<<<<

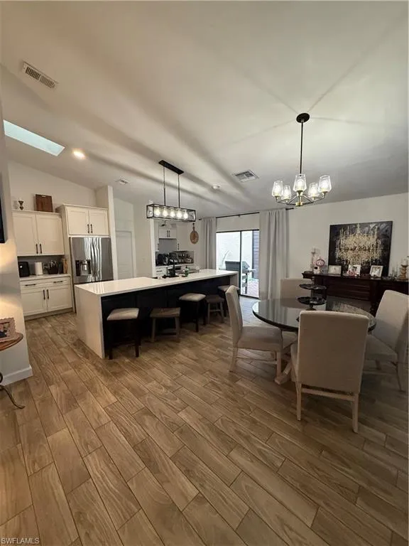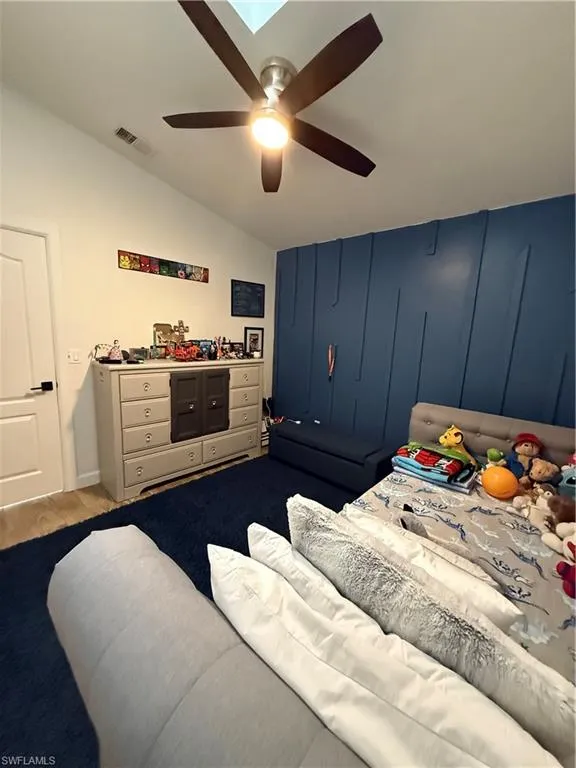 Skylights bring in natural light throughout the home, creating a bright and open feel. A screened-in lanai overlooks the backyard, providing an ideal setting for relaxing or entertaining.
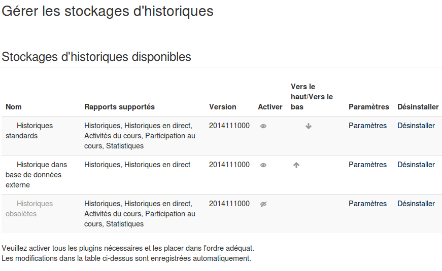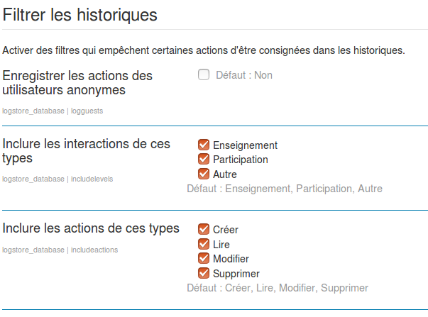 Pour mettre en place cette nouvelle base, connectez-vous à la page de gestion des stockages d'historiques (moodle.univ.fr/admin/settings.php?section=managelogging)
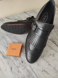 TOD'S Dark green (Gray) fringed brogue monk-strap shoes

>>>>

■ **EXERCISE REQUIREMENTS**: Give back the full listing exactly as written, only without its pictures.

■ **OUTPUT FOR THIS EXERCISE**:
 Skylights bring in natural light throughout the home, creating a bright and open feel. A screened-in lanai overlooks the backyard, providing an ideal setting for relaxing or entertaining.
 Pour mettre en place cette nouvelle base, connectez-vous à la page de gestion des stockages d'historiques (moodle.univ.fr/admin/settings.php?section=managelogging)
 TOD'S Dark green (Gray) fringed brogue monk-strap shoes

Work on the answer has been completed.